The causes of ESKD in the dnTMA patients were diabetic nephropathy in 24 (21%), glomerular diseases in 33 (29%), lupus nephritis in 8 (7%), polycystic kidney disease and other congenital kidney diseases in 22 (20%), hypertension in 11 (10%), and other causes or unknown etiology in 14 (13%) patients.

Compared with dnTMA, patients with cTMA were younger at TMA diagnosis, mean (SD) of 28.9 ± 16.3. vs 46.5 ± 16.0 years, p < 0.001, and at transplantation, mean (SD) of 38.5 ± 10.6 vs 46.1 ± 14.8, p = 0.022, respectively. There were no statistical differences in race or gender between the two groups. The majority of the dnTMA group received deceased donor kidney transplantation (DDKT), 69 (61.6%), compared to 9 (40.9%) in the cTMA group; however, the difference was not statistically significant. Thirteen patients (59.1%) had previous kidney transplants in the cTMA and 63 (56.2%) in the dnTMA. Donors were significantly younger in the cTMA group with a mean (SD) of 37.0 (13.7) years, compared to 43.5 (14.9) years in the dnTMA group, p = 0.038.

There was no statistical difference in the number of patients who were highly sensitized in the two groups, however, preformed donor specific antibody (DSA) was more prevalent in the dnTMA group compared to the cTMA group, 50 (66.7%) vs 8 (40.0%), p = 0.04.

Cold ischemia time was significantly shorter in the cTMA group with a mean (SD) of 10.3 ± 10.8 h compared with 19.7 ± 17.2 in the dnTMA group, p = 0.023; this translated into a trend toward a higher rate of delayed graft function (DGF) in the dnTMA group 45 (40.9%) vs 4 (18.2%) in the cTMA group, p = 0.054.

Since 2000, our center has been using mostly the same immunosuppression protocol including induction therapy with a T-cell depleting agent (mostly thymoglobulin), and maintenance therapy with calcineurin inhibitor (tacrolimus and less likely cyclosporine), steroids, and anti-metabolites mycophenolate mofetil. Most patients in our cohort received induction therapy with thymoglobulin and maintenance immunosuppression with tacrolimus, mycophenolate mofetil, and steroids. There were no statistical differences in induction and maintenance therapies between the two groups.

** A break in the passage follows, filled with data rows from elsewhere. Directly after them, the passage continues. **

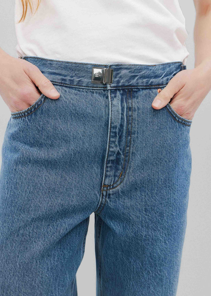 The Buckle Jean is a relaxed leg, subtle drop-crotch with a 31" inseam. It features our custom chrome buckle hardware and adjustable waistband side fasteners, allowing it to be worn as both a mid or low-rise jean.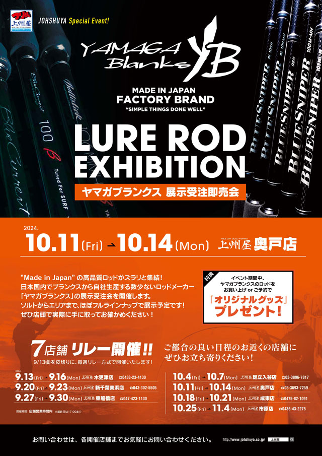 2024年10月11日(金)~14日(月祝)の4日間、上州屋奥戸店にてヤマガブランクス社製、ルアーロッドの展示受注会を開催します!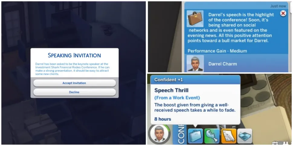 Время от времени на работе могут происходить странные ситуации, и на экране будут появляться повествовательные эпизоды, заставляющие игрока выбирать, как его симу следует реагировать на тот или иной инцидент. К сожалению, здесь нет правильного или неправильного ответа; независимо от того, что игрок считает лучшим выбором, он может пойти в любую сторону, поскольку исход случайный. В конце концов, сим либо потеряет, либо получит производительность.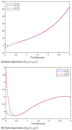 Figure 5, Figure 6 and Figure 7 show the simulation results of the drive(36)-response(37) system. Figure 5 and Figure 6 show the trajectories of states and , and , respectively. Equation (37) indeed converges to (36) with the controller (38) in T, and the convergence error continues to remain zero. The time evolution of synchronization errors and between systems (36) and (37) are presented in Figure 7. Simulation results show that the main results of the finite-time synchronization entrenched are correct in this article.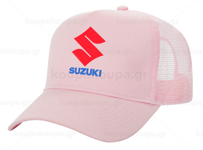 SUZUKI, Adult Structured Trucker Hat, with Mesh, PINK (100% COTTON, ADULT, UNISEX, ONE SIZE)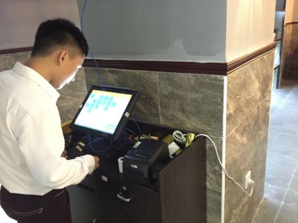 湘薈酒樓,是一家主打特色湘菜的酒樓,位于水口大湖溪瑞豪酒店一樓。該酒樓使用云帆科技的觸摸屏一體機和無線點菜寶下單,前臺用臺式電腦收銀,廚房配置了4臺出單機,涼菜出單,熱菜出單,蒸菜出單和傳菜口劃菜單。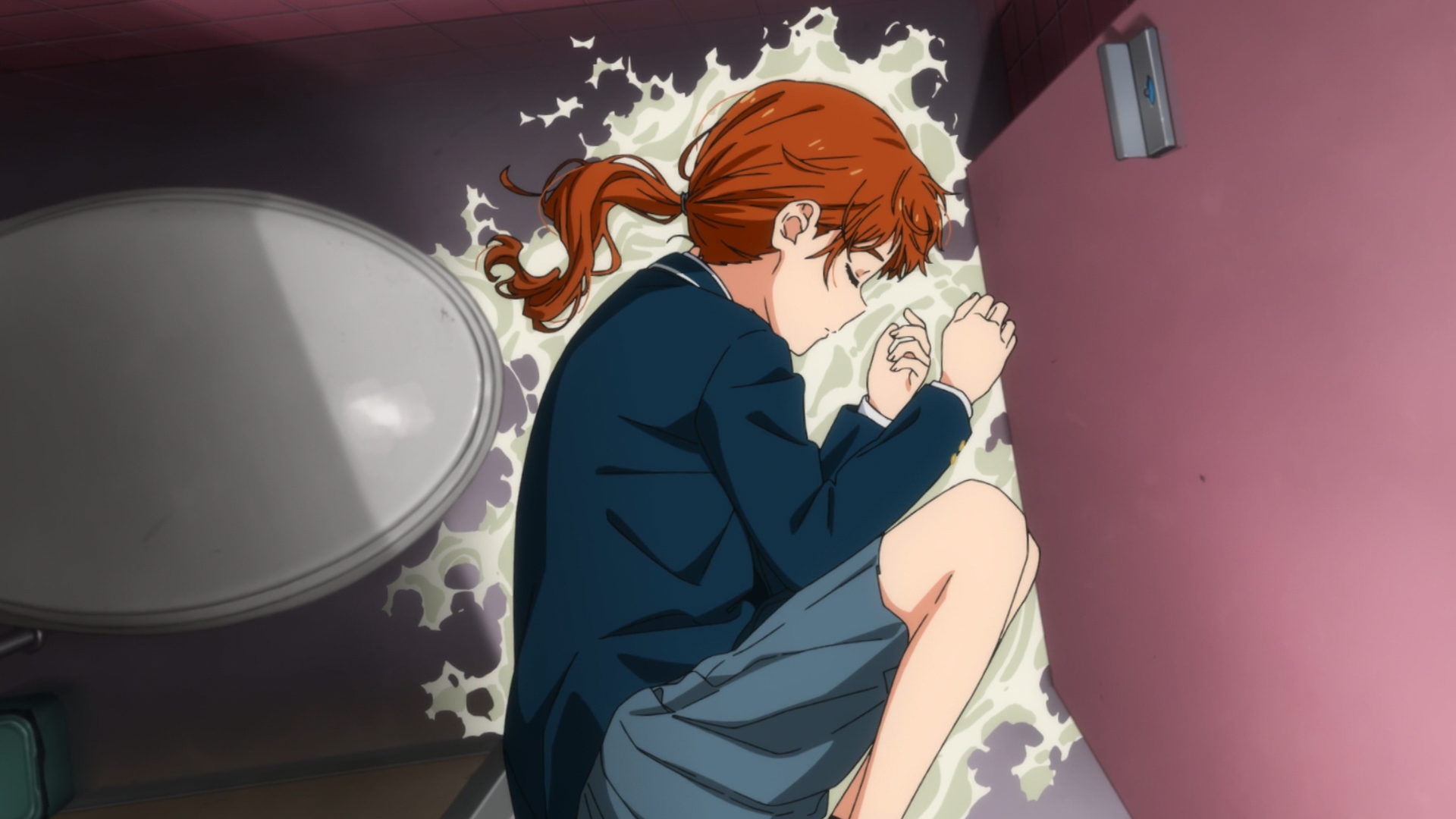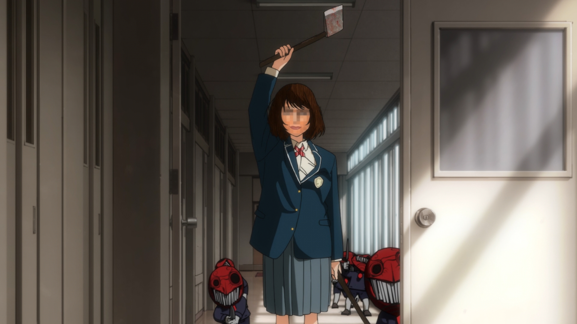 From what I can tell, Ooto Ai is a hikkikomori for two reasons. She’s bullied for her heterochromia (which looks really beautiful) and she harbors guilt over her friend’s implied suicide. Regarding her experiences, where the wounds she suffers end up re-appearing in the real world, just how much of that was imagination? And how much of that was reality? If that was reality, then we can deduce that there’s a supernatural aspect involved. Something tells me that the eggs are containers for ‘lost souls’ (proverbially speaking) that have attempted suicide. At the insistence of some angry toilet paper, Ai forcefully smashes the egg into the ground. And it hatches into a girl named Kurumi, who is being pursued by these strange little creatures who seem intent on murdering her. When Ai decides to make her stand and defeat their boss, order is restored to the world and she wakes up as it fades away.

Treatment of post-transplant TMA, before the utilization of eculizumab for this disorder, was consistent of plasmapheresis and in some cases high doses of steroids. In our cohort, treatment with plasmapheresis was implemented in 19 patients (86.4%) of the cTMA group compared to 41 patients (36.9%) of the dnTMA group, p < 0.001.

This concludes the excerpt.